Mostly, I feel like I’m just waiting. My placement agency won’t post my resume with companies until February. I understand their position. I’ve applied to some jobs myself, but obviously many schools are trying to get teachers for January and won’t pay attention to my resume. It’s a struggle. This must be what learning patience is. I don’t have to like it, though.
January 3, 2016
My morning class seems to have forgotten English. It’s a level 1 class, but they took the Reading exam yesterday and did horrible. Today, I had a difficult time getting them to identify nouns, verbs and adjectives. And I know the Turkish words for these things. It breaks my heart. Am I doing the wrong thing with my life? Maybe every teacher feels this way at times? These same students did well in the beginning, but now, halfway through, they have lost focus and interest. It’s a weekend class, so if they don’t practice during the week all the information falls out of their head. Every Saturday it’s like starting over.
Here’s a new experience: I just kicked a kid out of class for smoking! H. is a 20-something, ought-to-know better, problem child. Not dumb, but I can’t figure why he is in class. He comes late, leaves early, finds an excuse to leave the class a couple times an hour and comes back late from break every hour. He refuses to do more than 2 out of 10 questions on any in class exercise. Sometimes he won’t even do that much. But today, I was writing on the board, my back to the class, while the students filed in from first break. It got deadly silent behind me. When I turned to face the class, every eye was on him. He had a huge smile on his face and held a lit cigarette!
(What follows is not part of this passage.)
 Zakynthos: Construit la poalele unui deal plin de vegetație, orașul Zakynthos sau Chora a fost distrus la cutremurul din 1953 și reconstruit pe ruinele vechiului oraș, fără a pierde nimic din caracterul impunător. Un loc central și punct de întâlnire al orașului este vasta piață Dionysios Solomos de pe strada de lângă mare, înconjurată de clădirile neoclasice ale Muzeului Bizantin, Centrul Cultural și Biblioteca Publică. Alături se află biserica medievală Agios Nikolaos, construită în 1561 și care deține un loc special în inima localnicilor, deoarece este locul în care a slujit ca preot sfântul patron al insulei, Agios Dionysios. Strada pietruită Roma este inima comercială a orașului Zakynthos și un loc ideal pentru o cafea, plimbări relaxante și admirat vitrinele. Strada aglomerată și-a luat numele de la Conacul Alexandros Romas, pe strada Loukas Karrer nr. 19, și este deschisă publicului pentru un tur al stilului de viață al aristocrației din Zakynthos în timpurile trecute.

I told him to get out of my class. He first seemed shocked, then took it in stride and packed his things and went with no argument. Then he came back 10 minutes later to apologize. I was trying to teach class, did not want to waste any more time on him, so I asked him to leave. Another 10 minutes and he was back again, with FLOWERS. Seriously? I just wanted him to go. I know the apology and flowers sound like a sweet thing, but he’d wasted too much of the class’ time already.
January 4, 2016
I may never eat again. OK, maybe I won’t eat until tomorrow. Just had lunch with a student’s father and his friend. Both are taking English courses and wanted to practice English. They fed me too much! Such great food and company. This is an easy way to eat in Turkey and I could arrange for more free meals and LOTS of tea this way if I wanted to.